Txomin acabó su tarea como hacía todos los sábados de forma impenitente. Era un indígena sin selva, un exiliado en su propia tierra. Miró a los cielos de nuevo. Por ellos ya no pasaban ni naves espaciales ni, incluso, las aves, que habían desaparecido intentando huir de la debacle. Miró de nuevo a lo lejos, ahora hacia aquel monolito construido bajo la imposición del «Si o Sí» y cuyo significado e interés, salvo para algunos pocos, no entendía nadie.

Levantó la azada y la lanzó al aire. El cielo se tornó negro, como si la Naturaleza entera entendiera que esa era la señal de que la Tierra y sus vidas estaban en peligro y era necesario concienciarse sobre los cada vez menos recursos disponibles.
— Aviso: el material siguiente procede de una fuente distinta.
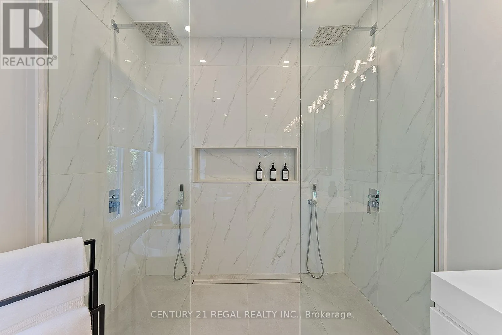 Cross Streets: Victoria Park & St. Clair Ave East. ** Directions: Located on the street Bexhill. WELCOME TO 84 BEXHILL AVE! Step into this Luxurious 5 Bedroom/5 Bathroom Custom Built Home in the City of Toronto with a Double Car Garage! Enjoy over 4800sq.ft of living space! Enter this massive open concept modern home w/soaring 12ft. ceilings on the main floor, back walk-out nearing floor to ceiling windows/opening to the patio, wired built-in speakers inside/outside the home for entertaining. A Dream Chefs Kitchen with High End MIELE appliances, massive 13ft waterfall quartz center island and backsplash. Open Concept main floor level features a gas fireplace, dining area, powder room and 2 additional Den/Office spaces above ground. Enjoy an Extra Level of space w/a Raised Floor to the family room in this open concept space. Walk up to the 2nd Level w/5 BEDROOMS and large sky lights above the Open Riser Staircase providing natural sunlight with sleek glass panel railing system adds to this upscale modern look. A Master Ensuite w/true hotel-like retreat feel of relaxation w/ Walk-out Balcony to enjoy your reading/coffee in the AM, His/her Closets and a Walk-in closet. The Master 6pc Ensuite Bathroom entails a free-standing tub, double sinks and double rainfall shower heads. 2nd Bdrm features a juliet balcony and large closet. 3rd bdrm features floor to ceiling windows and a large closet. 4th and 5th bedrooms are also impressive with large windows for space. Skylights also featured in the bathroom and large 2nd floor laundry room w/custom cabinetry storage and large linen closet.The Basement is the ultimate space with Rec/Gym space that is a must see! The Basement has another Bedroom w/massive Walk-in Closet,4pc Bathroom and a convenient walkout to the privacy fence and fully landscaped backyard.This home has been carefully designed and no expenses spared. Stunning property close to schools, hospitals, grocery stores, parks, hwy's, TTC and more! (id:27476)

La azada cogió un vuelo inexplicable. Y de pronto, allí, sobre el cielo de Kortezubi apareció otra azada más surcando los aires. Y otra más… Y muchas más sobre Arteaga, Arratzu… y también al otro lado de la ría, en Gernika, Forua, Murueta… por todas partes. Y luego se escuchó un irrintzi, y otro más… y uno muy lejos, por Elantxobe. Era la rebelión de los contribuyentes hartos de pagar las chapuzas de los de siempre.

Nota.- Cualquier parecido con la ficción es pura realidad. Dedicado a Stanley Kubrick (“2001: una odisea en el espacio”) y a todas las personas que defienden la Tierra y la Vida frente a la Especulación y la Muerte.